CC: No, John did not contact me to write the book, I suggested the book to John. When I first met John and learned he had been an American kid trapped in WWII, I heard a very brief synopsis of his story and it stuck in my heart and my mind. After becoming a published author with Austin Lunch, I suggested to John that I write his WWII story. He had an interest to tell his story and agreed to reveal his war experiences to me. John’s recollections were vivid. Even though some memories were emotionally difficult for him to express, sharp recollections easily poured out of him. He recalled fascinating aspects of village life. Many readers have commented on how American Kid is an interesting chronicle of Greek villagers’ connection to the earth, their customs, lifestyles, and the self-imposed “rules” by which Greek villagers ran their lives and their village in the 1930s and 1940s.

TNH: What was the writing process like for this book?

CC: The writing process began with doing much research on WWII, especially WWII in Greece. I also interviewed adults, both in Greece and in the U.S. (other than John and his siblings) who were children in Greece during the war, including adults who were children in the same village (as John’s family) during the war. The experiences I heard from these people corroborated John’s story. I also visited the Greek village in Laconia, where, along with the rest of the village’s citizens, John and family had been terrorized, and occupied. In the spring of 1944, as the war was ending in an obvious loss for the Germans, Nazis soldiers arrived to do more harm to the villagers, attempting to burn down the village. A few burned but unrepaired, unoccupied houses still exist in the village.

TNH: How long did the book take from idea to publication?

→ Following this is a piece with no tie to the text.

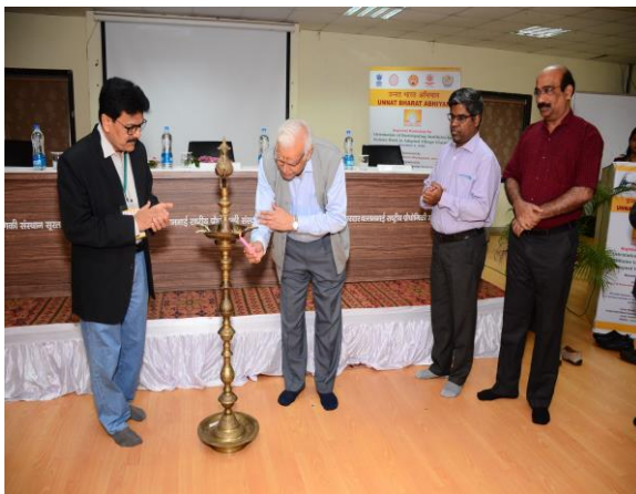
(c) Lamp lighting by dignitaries for inaugurating the function

CC: It took about eight years from the decision to write the book until I had a hard copy of a published “American Kid” in my hand. During those eight years, I was not writing full time, eight hours a day, because I had other responsibilities to take care of. When I was writing, I worked at the computer for about three hours in the early morning, the hours I do my best thinking and writing. During my eight-year writing project, I constantly thought about the book I was writing, even while taking walks, while cooking, washing dishes, etc. I wrote and then constantly edited to improve the wording. I encountered the problems every writer meets in putting thoughts down on paper, hoping to capture a reader’s interest. I find that although I write on the computer, I actually need to see my words on paper in order to edit them. I was constantly tweaking my writing. Self-editing and re-writing is, for me, a constant and vital part of improving one’s writing- great exercise for the brain.